New use for old drugs in treating hepatitis C

Common drugs used to treat conditions such as diabetes and obesity could be used to successfully treat hepatitis C virus infection.

Research led by the University of Leeds has found drugs such as anti-diabetic drug Metformin and AICAR, used to combat obesity, can prevent the hepatitis C virus from replicating in the body.

Hepatitis C virus affects an estimated three per cent of the world's population and there are four million carriers of the virus in Europe alone. The virus affects the liver and recovery rates are low: only around 40 per cent of hepatitis C sufferers will fully recover, with others developing cirrhosis and in many cases, liver cancer(1).

"We're very excited about these findings," says Professor Mark Harris from the University's Faculty of Biological Sciences. "These drugs are already on the market, and whilst substantial clinical trials still need to take place before they can be used to treat hepatitis C infection, we think it could be an enormous step forward in the battle against the virus."

The research was supported by the Wellcome Trust, the Medical Research Council and the Biotechnology and Biological Sciences Research Council.

Drugs such as Metformin and AICAR work by stimulating an enzyme called AMP kinase (AMPK) which regulates energy within our cells the very enzyme that hepatitis C virus represses to enable it to replicate.

AMPK's usual function is to conserve the energy balance in cells, which it does by temporarily shutting down the production of lipids (fats) and membranes when it senses an increase in energy requirements. Professor Harris and his team have now shown that the hepatitis C virus switches off AMPK so that the cell continues production of lipids and membranes, both of which are vital to its survival.

"You'd expect AMPK to be activated when a cell becomes infected by a virus, because it would sense the increase in energy required to enable the virus to replicate.
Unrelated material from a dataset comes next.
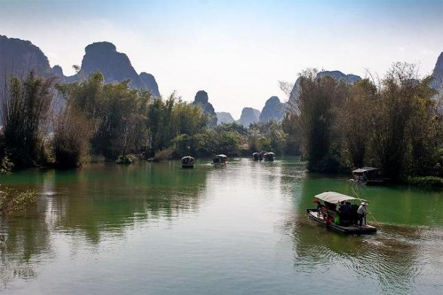 明仕田园,距大新县县城53公里,是国家一级景点。这里翠竹绕岸,农舍点缀,独木桥横,稻穗摇曳,农夫荷锄,牧童戏水,风光俊朗清逸,极富南国田园气息。游客可以乘坐竹排,顺流而下,饱览两岸迷人景色。这里,你会看到典型的喀斯特峰林地貌景观,看到凤尾萧萧,龙吟嘀嘀的碧江竹影,看到古风淳厚的壮族村落,看到威武的将军山,灵秀的通天洞,奇特的万乳崖,还有那天然生成的崖壁画。

In such cases, AMPK would shut down certain functions of the cell temporarily until the cell's energy is rebalanced," says Prof Harris. "We found that hepatitis C virus, because it needs lipids and membranes, causes the opposite to happen."

Building on this finding, the research team were able to examine how cells would react when treated with common drugs that stimulate AMPK. They found that in infected cells, the drugs were able to halt virus replication, enabling cells to clear the infection.

A patent has been filed on the discovery and the team will shortly embark on a small-scale clinical trial with The University of Nottingham. This will provide a greater evidence base upon which future clinical trials can be based.